Acinetobacter is a type of bacteria that survives by getting nutrition from decaying organic matter. It is found in moist areas such as soil and water. It has the ability to survive for long periods of time in hospital environments. In hospitals, Acinetobacter also can live in moist places on a patient’s body, such as open wounds or around catheters. Acinetobacter can spread to other patients usually by the hands of hospital staff. Acinetobacter baumannii is a particularly dangerous species that is often resistant to many antibiotics. Acinetobacter baumannii may cause many problems such as pneumonia, urinary tract infection, and bloodstream infections. Acinetobacter baumannii is difficult to treat because it can be resistant to most of the available medicines.
Escherichia coli, commonly known as E. coli, is a group of bacteria normally found in human feces. E. coli can cause urinary tract infection when feces accidentally enter the urethra (the tube through which urine flows). Urinary tract infection can be treated with antibiotics and usually causes no lasting effects. However, children who have urinary tract infections before the age of one are likely to become infected again later in life. When food or water that is contaminated with human or animal feces is swallowed, it can also cause diarrhea. The diarrhea usually goes away on its own after several days and without medication. It is important though to keep the body hydrated because it will likely loose a lot of water due to vomiting and loose stool. Occasionally, there are complications such as bloody diarrhea and kidney failure. E. coli is different from many other bacteria in that it is able to affect healthy, non-hospitalized people. However, it can also cause other types of infection, such as wound infection and meningitis, in hospitalized patients. When E. coli causes blood stream infection in immunocompromised children, it must be treated with antibiotics as soon as possible.
Klebsiella pneumoniae is a bacterium that exists naturally in the environment. It causes several types of infections including those of the urinary tract infection, lung, and blood stream. Some strains of Klebsiella pneumoniae may be difficult to treat because they are resistant to many of the medicines commonly used to treat bacterial infections. Additionally, over time, certain strains of Klebsiella stop responding even to the medicines that had previously worked against them.
Enterobacter is a type of bacteria that is commonly found throughout nature. It is also found in the gastrointestinal tract of the human body. Usually, it does not cause any harm, but it can cause disease in immunocompromised patients. The usually harmless Enterobacter of the gastrointestinal tract may spread into the blood stream and other sites of the body where it can cause harm. Enterobacter may become resistant to antibiotics that are commonly used in immunocompromised children. Enterobacter can cause many different types of infections including meningitis, respiratory tract infection, wound infection, urinary tract infection, and bone and joint disease.
Pseudomonas aeruginosais a bacterium that is found widely in the environment, particularly in moist areas. It can grow in many areas because it does not need much nutrition to survive. For this reason, it can also adapt to many different ecological areas. Pseudomonas is an opportunistic pathogen, which means that it doesn’t usually cause disease in healthy people. Immunocompromised children who are receiving chemotherapy, bone marrow transplantation or those with open wounds and catheters or those on a ventilator may become infected with Pseudomonas aeruginosa. In patients who have compromised immune systems, Pseudomonas aeruginosa also can spread throughout the entire body via the blood stream, causing a systemic infection. Infections caused by Pseudomonas are difficult to treat due to its ability to adapt to its surroundings and become resistant to antibiotics.
Stenotrophomonas maltophilia is a bacterium that is readily found in nature. It has a specific affinity for water, and can be found in and around water sources such as sinks and faucets. From there it can be spread by hand to other areas, especially moist surfaces.
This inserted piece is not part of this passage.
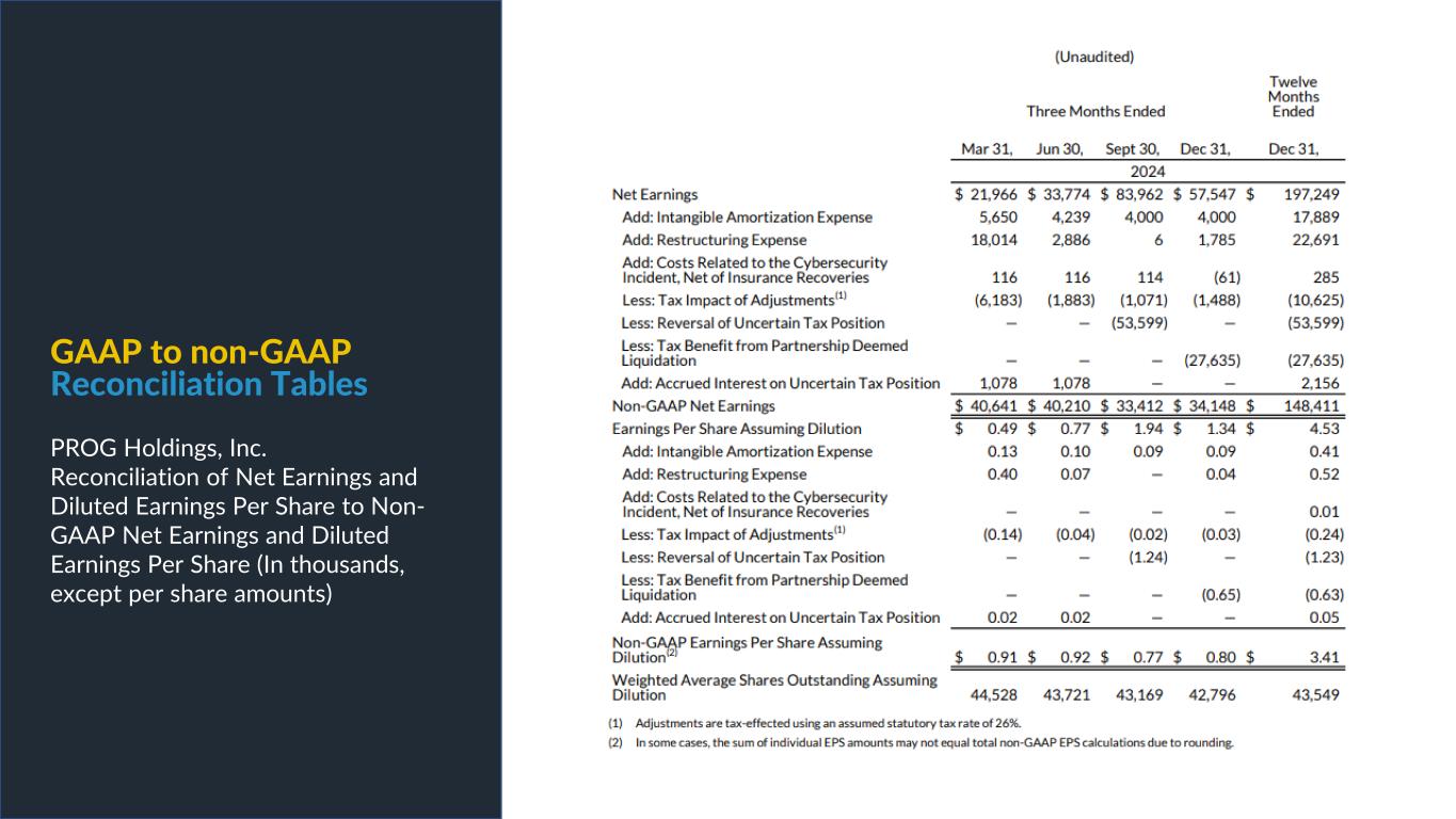 PROG Internal GAAP to non-GAAP Reconciliation Tables PROG Holdings, Inc. Reconciliation of Net Earnings and Diluted Earnings Per Share to Non- GAAP Net Earnings and Diluted Earnings Per Share (In thousands, except per share amounts)

Healthy people are not usually affected by Stenotrophomonas maltophilia, but immunocompromised and hospitalized patients may be infected by it. Stenotrophomonas maltophilia can cause many different types of infections including bloodstream infection, pneumonia, urinary tract infection, and skin and soft tissue infections. Stenotrophomonas maltophilia is also difficult to treat because it is naturally resistant to many medicines and may become resistant to more medicines over time. There is one medicine (trimethoprim-sulfamethoxazole, cotrimoxazole or “Bactrim”) that is most reliably used to treat Stenotrophomonas maltophilia; however, there are some strains that are resistant to this medicine as well.
Acinetobacter is a type of bacteria that survives by getting nutrition from decaying organic matter. It is found in moist areas such as soil and water. It has the ability to survive for long periods of time in hospital environments. In hospitals, Acinetobacter also can live in moist places on a patient’s body, such as open wounds or around catheters. Acinetobacter can spread to other patients usually by the hands of hospital staff. Acinetobacter baumannii is a particularly dangerous species that is often resistant to many antibiotics. Acinetobacter baumannii may cause many problems such as pneumonia, urinary tract infection, and bloodstream infections. Acinetobacter baumannii is difficult to treat because it can be resistant to most of the available medicines.
DNA Viruses in Pediatric Patients: A Guide for Families with Immunocompromised Children
Rosa M. Hirsch1,2 and Thomas J. Walsh2
1University of Manchester School of Medicine, Manchester, UK
2Tranasplantation-Oncology-Infectious Diseases Program, Departments of Medicine, Pediatrics, and Microbiology & Immunology, Weill Cornell Medical Center, New York, NY
DNA VIRUSES
Cytomegalovirus (CMV)
CMV infection is a common viral infection.
Cytomegalo means larges cell, as the appearance of the infected cell under the microscope is large and swollen.
Many people first become infected with CMV as a child. Once infected with CMV, the virus stays in your body for the rest of your life. It cans sometimes recur which can be a problem when the immune system is weakened.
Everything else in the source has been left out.